NABE Outlook Survey - June 2019

NABE Outlook Panel Foresees Favorable Short-Term Outlook
But Recession Fears Surge amid Rising Trade Protectionism


The June 2019 NABE Outlook presents the consensus macroeconomic forecast of a panel of 53 professional forecasters (see last page for listing). The survey, covering the outlook for each quarter of 2019 and 2020, was conducted May 6-May 14, 2019. The NABE Outlook Survey originated in 1965 and is one of three surveys conducted by the National Association for Business Economics (NABE); the others are the NABE Business Conditions Survey and the NABE Economic Policy Survey. Founded in 1959, the National Association for Business Economics is the professional association for those who use economics in their work. NABE has over 2,900 members and 40 chapters nationwide. Gregory Daco, Oxford Economics, Chair; Julia Coronado, MacroPolicy Perspectives; Robert Fry, CBE, Robert Fry Economics LLC; Jack Kleinhenz, CBE, National Retail Federation; Chad Moutray, CBE, National Association of Manufacturers; Yelena Shulyatyeva, Bloomberg LP; and Ryan Sweet, Moody’s Analytics, conducted the analysis of survey responses for this report. The views expressed in this report are those of the panelists, and do not necessarily represent the views of their affiliated companies or institutions. This report may be reproduced in whole or in part with appropriate citation to NABE. 

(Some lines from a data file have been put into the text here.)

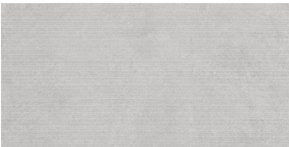
24"x48" field tile: greige rigato 270398
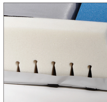
Articulation slots allow mattress to bend with the bed frame.
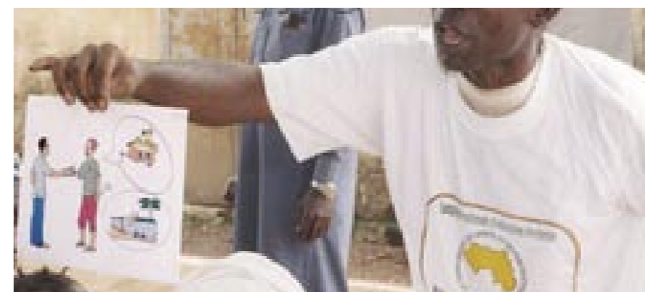
A field worker for the International Foundation for Election Systems explains to villagers in Bokariah, Guinea, how their tax money can be used to pay for community projects, like the construction of bridges or schools.

The degree of coercion that can be applied without damaging relations between states and citizens will vary according to local circumstances: the more fair a tax system is seen to be, the more it will be possible for tax authorities to take a firm stance in enforcing the law. The South African Revenue Authority, for example, has managed to increase overall tax while improving the service to taxpayers, helped by widespread support for redressing the inequalities of Apartheid, alongside special investigative measures to enforce compliance.
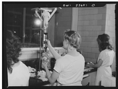
Production of the pertussis vaccine, 1943
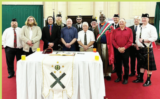
Spring 2023 Class members and the Knights of St. Andrew after the 29°

SUMMARY: “Despite a number of mixed economic reports, NABE Outlook Survey panelists believe the U.S. economy will continue to expand,” said NABE President Kevin Swift, CBE, chief economist, American Chemistry Council. “The consensus forecast calls for real GDP growth to slow from 2.9% in 2018 to 2.6% in 2019, and then to 2.1% in 2020. While the panel has turned slightly more optimistic about the outlook since the previous survey, 60% of panelists still view risks to the outlook as tilted to the downside.” “Increased trade protectionism is considered the primary downside risk to growth by a majority of respondents, followed by financial market strains and a global growth slowdown,” added Survey Chair Gregory Daco, chief U.S. economist, Oxford Economics. “Recession risks are perceived to be low in the near term, but to rise rapidly in 2020. Panelists put the odds of a recession starting in 2019 at 15%, climbing to 60% by the end of 2020. While a small majority of panelists anticipates the next Fed move will be a rate hike, the median forecast does not reflect any rate increases until the third quarter of 2020, and a majority of panelists believes weakness in the real economy would be the primary factor driving a rate cut.”  

HIGHLIGHTS


-Panelists expect economic growth, as measured by inflation-adjusted gross domestic product (real GDP), to remain positive, but to decelerate through the end of 2020. Following an increase of 3.2% at a seasonally adjusted annual rate in the fourth quarter (Q4) of 2018, the median forecast is for real GDP growth to slow to a 2.1% rate by Q4 2019 and 1.9% by Q4 2020. 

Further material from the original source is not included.